Снабжение запретки было «московское»: шоколад, сгущёнка, болгарские сигареты и вино. В городе были завод разливных напитков, хлебозавод и колбасный цех. Наши предприимчивые горожане выезжали за зону торговать дефицитом в соседних «деревнях», за что заслужили прозвище «шоколадники».

Наверное, онкологии у нас в городе больше, чем в среднем по России, но, думаю, ненамного. Радиация убивала только тех заводчан, которые бегали «в зону» – в данном случае «к реактору», в помещения с высоким уровнем радиации. Это были работники низшего звена, «киповцы» из фазанок (профтехучилищ). Если облучился – говорили «получил дозу». Один рассказывал: «Бригадир руку протягивает, мы все свои дозиметры с шеи снимаем и бригадиру складываем». Им надо что-то дочинить, чтобы премию дали, а по показаниям счётчиков они уже максимальную дозу за месяц набрали.

В городе повесили электронные часы-дозиметры: показывают то время, то фон (т.е. уровень радиации). Нормальный. В сосновых борах, стоящих на гранитных материнских породах, естественный уровень радиации выше. Радоновые источники тоже фонят – а ведь омолаживают. В малых дозах любой яд – лекарство.

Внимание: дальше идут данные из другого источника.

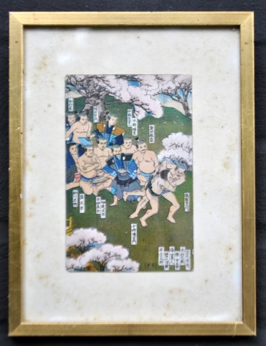 Japansk kunstner (19. årh.): Sumobrydere. Farvelagt litografi. 9 x 14 cm. Indrammet: 17,5 x 23 cm.
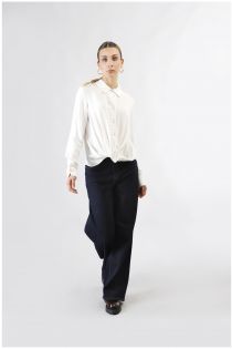 Camisa de manga larga confeccionada en georgette de viscosa. la cintura está realzada por un motivo con efecto anudado. para combinar con denim y llevar con un blazer para crear looks informales y más refinados.
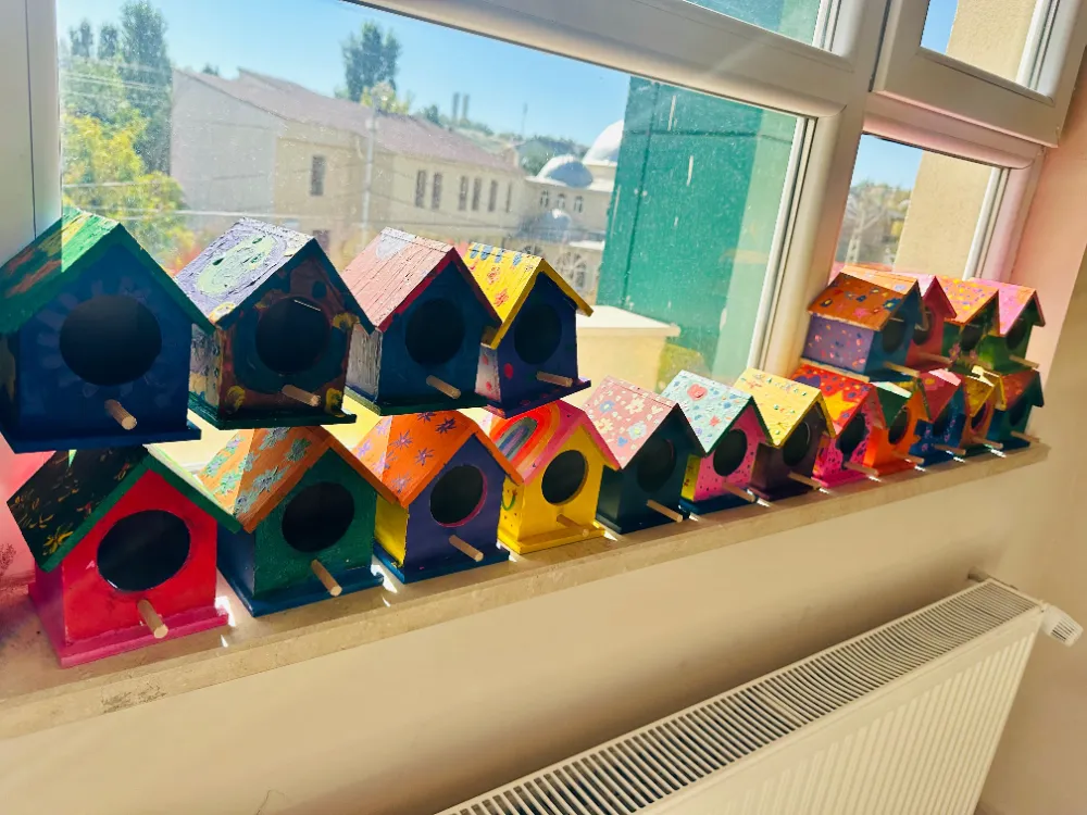 İLKOKUL ÖĞRENCİLERİNDEN RENGARENK KUŞ YUVASI
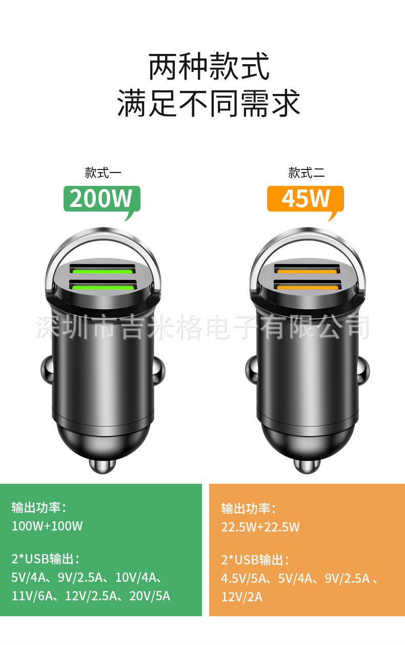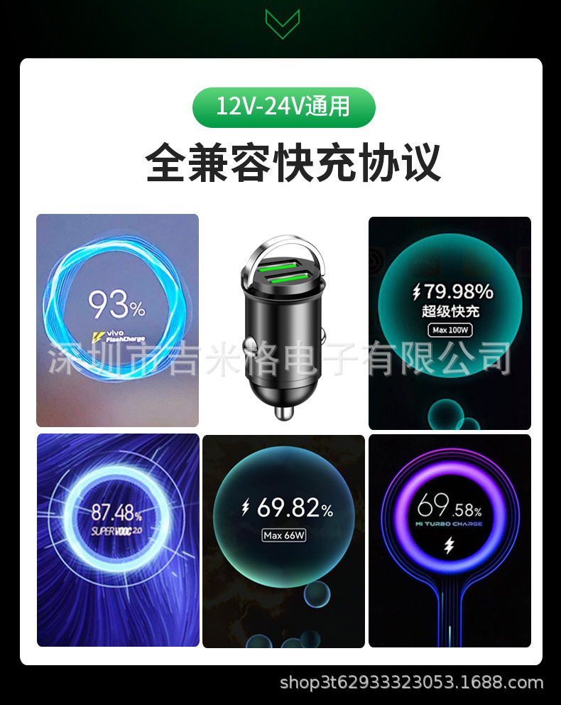 New pull ring car charger dual usb fast charge Mini Hidden 66W 100W flash charge multifunctional car charger

Ну Чернобыль Чернобылем, а у нас в начале 1950-х уборщицы мыли заражённые помещения и воду из вёдер прямо на улицу выплёскивали. Радиоактивные стоки с реакторов шли в озеро Кызылташ (та самая Заразка), Карачай – и в реку Течу, травя скот и население нижележащих башкирских деревень. После аварии 1957 года все деревни в зоне радиоактивного следа отселили, а вот по течению реки Течи не переселяли. В начале 1990-х препод-физиологиня уже в областном Челябинске предлагала мне заняться научной работой: считать долю смертей от рака и степень влияния радиоактивного речного ила в несчастной деревне Муслюмово (сейчас их всё-таки переселили). Одна правозащитница пыталась, как Эрин Брокович, подать коллективный иск бывших работников комбината, чтобы им компенсации выбить, но её строго предупредили, и она уехала с детьми в Париж.

Так что о Чернобыле и сказать-то нечего. Лучше прочесть простую книжку о радиации.